**Work to complete:**
Print the data below verbatim, minus images.

[Dataset extract — start]

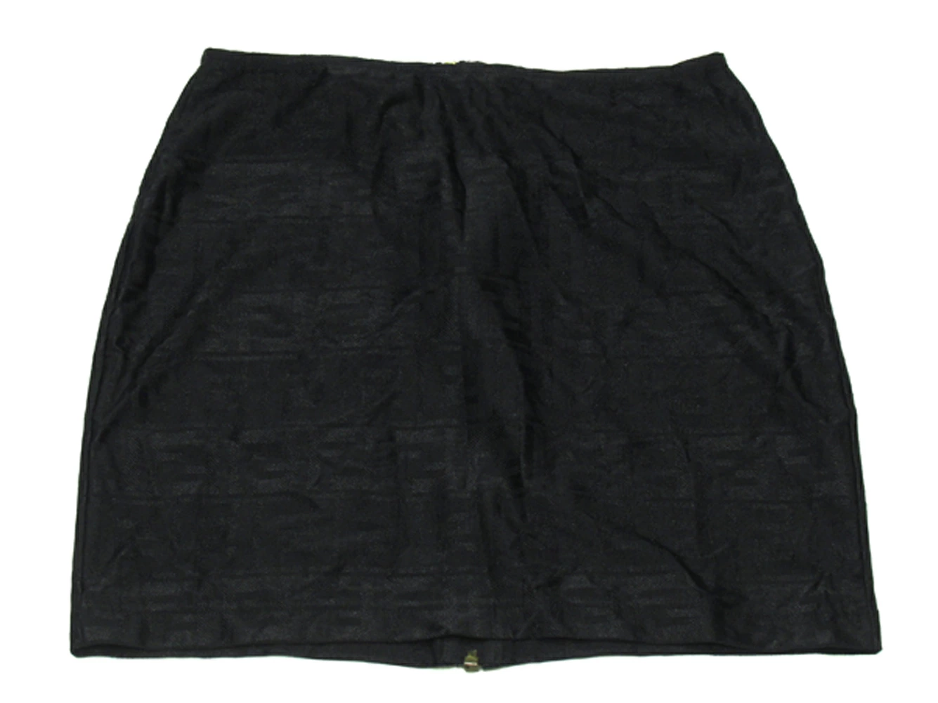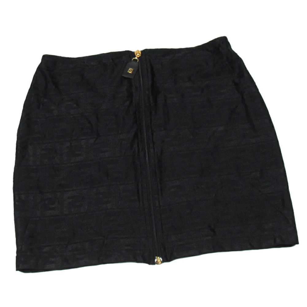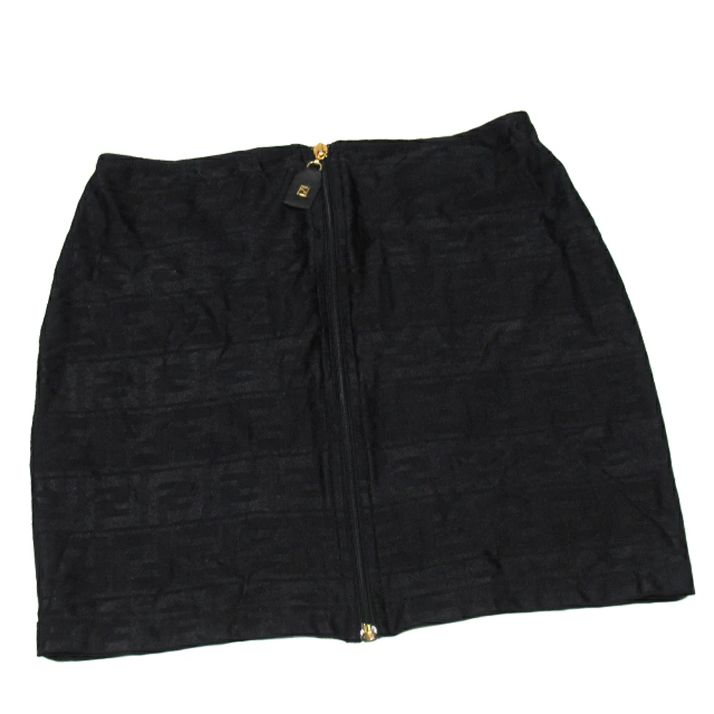 [Rakuten Super Sale ★ Up to 50% Off] Fendi Zucca Skirt, Size 44, Zip-Up, Black, Women's, Pre-owned, High-End Vintage
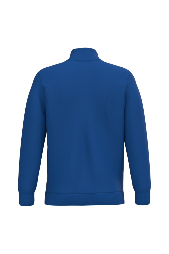 80 % Baumwolle / 20 % Polyester. Gekämmte Baumwolle. Gebürstetes Fleece. Set-in-Ärmel. Reißverschluss am Kragen und Nackenband. Saum und Ärmelbündchen in Rippstrick.
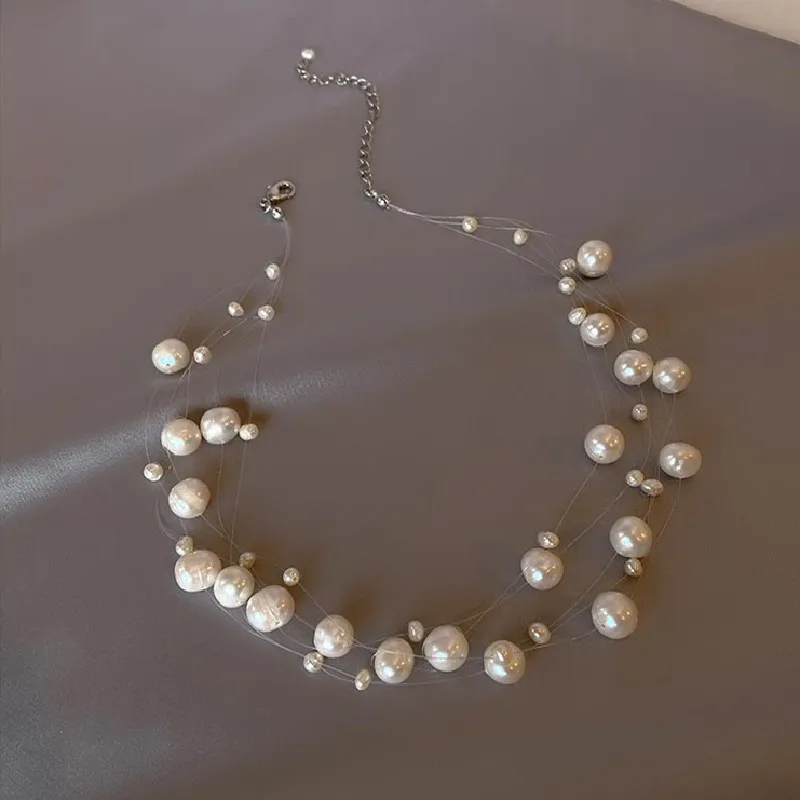 Korea Design Jewelry Natural Freshwater Pearl Hand Winding Necklace Elegant Women Party Accessories
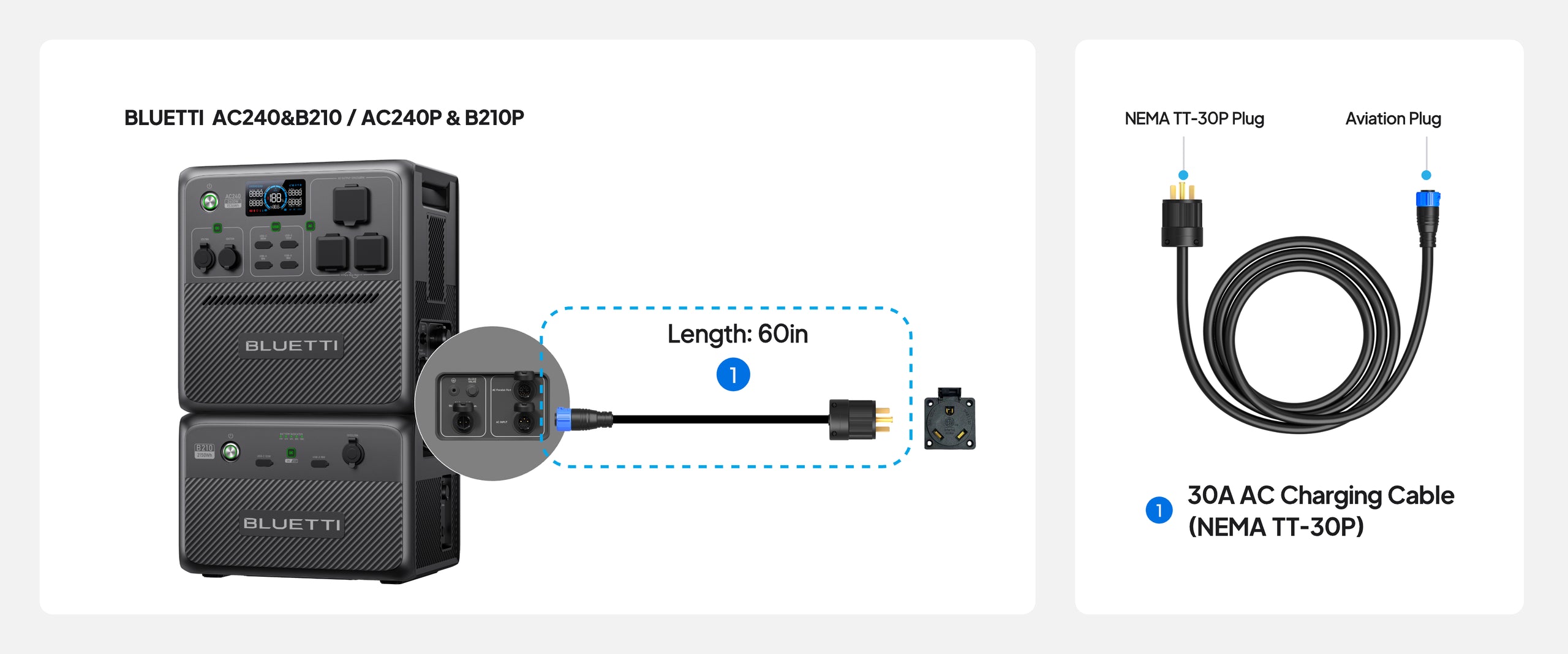 Bluetti 30A Fast Charging Cable (NEMA TT-30)

[Dataset extract — finish]

**Completed exercise:**
 [Rakuten Super Sale ★ Up to 50% Off] Fendi Zucca Skirt, Size 44, Zip-Up, Black, Women's, Pre-owned, High-End Vintage
 80 % Baumwolle / 20 % Polyester. Gekämmte Baumwolle. Gebürstetes Fleece. Set-in-Ärmel. Reißverschluss am Kragen und Nackenband. Saum und Ärmelbündchen in Rippstrick.
 Korea Design Jewelry Natural Freshwater Pearl Hand Winding Necklace Elegant Women Party Accessories
 Bluetti 30A Fast Charging Cable (NEMA TT-30)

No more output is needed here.